Not all changes brought by the mobile revolution have been positive. In fact, for certain groups of people from around the world, the explosion of mobile has brought misery and exploitation. We touch on this dark side of our mobile addiction here. But on a global scale, the mobile age has unlocked great benefits for all of us. In this post we’ll be looking at some of the ways smartphones have changed our world for the better.

Word spreads around the globe

One of the most significant improvements the mobile revolution has brought about is the speed at which information spreads from one part of the globe to another. It doesn’t matter if the content is to our liking or not. The visionaries who foresaw that people would like to own a small handheld device (i.e. the smartphone) that can connect them to millions of their peers over the internet were proven absolutely right!

Mass-media companies like BBC, CNN, Reuters, The Independent or The New York Times quickly recognized this potential and established official presences on Facebook or Twitter and other platforms, using them to broadcast breaking news around the clock.

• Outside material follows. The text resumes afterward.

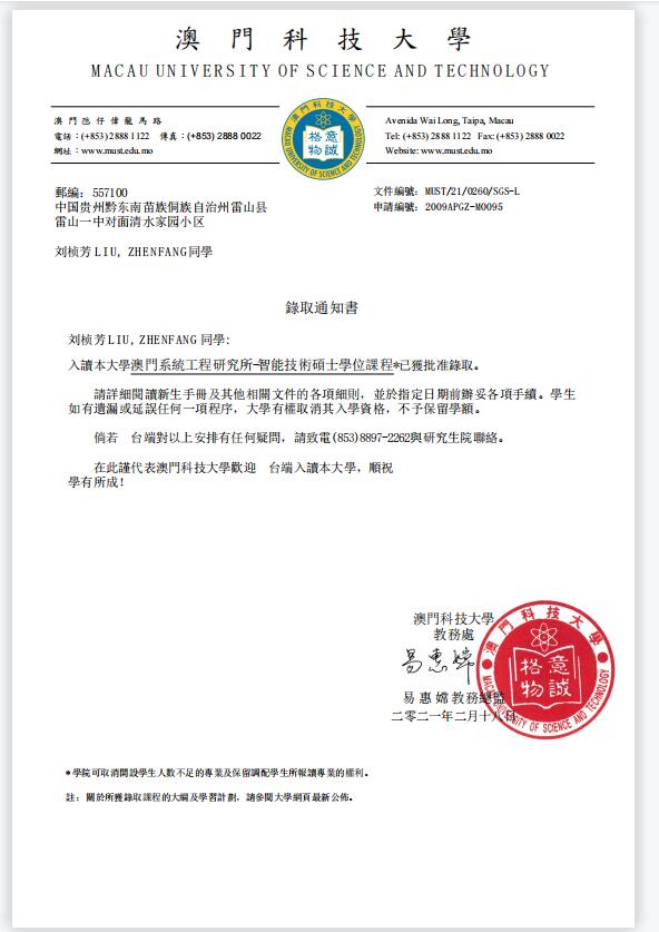 (本网讯 文/卢朦朦 刘桢芳)2016年至2021年,我校共有14名(2017年2名、2018年2名、2020年5名、2021年目前已录取5名,第二批还在录取中)优秀应届毕业生通过此项目以保荐生身份赴澳门科技大学研究生院深造,为使我校师生全方位了解“贵州理工学院•澳门科技大学保荐项目”,让更多贵理工学子有机会赴澳科大研学,贵理工国际交流与合作处公众号从本月开始,将特别推出贵州理工学院•澳门科技大学保荐项目:2021年录取新生系列报道、历年录取学生读研感悟报道、已毕业学生就业去向报道,以彰学风!

It goes deeper than that. Thanks to the internet and our feature-packed smartphones, we can not only consume and interact with incoming news, we can also be the first ones to communicate things to the rest of the world if we happen to be at the right place, at the right time. And we’re doing this over devices that just two decades ago would’ve looked at home in sci-fi flicks. 

Events in one country now have almost instant implications for the rest of the world. With steady improvements in network speeds and hardware, we’re more connected than ever. Remember the so-called Arab Spring (regardless of the eventual outcomes of the events): how social opposition movements spread out like wildfire; how people were inspired by citizens of other countries to demand similar liberties for themselves; and how people organized on social media to attend rallies and protests.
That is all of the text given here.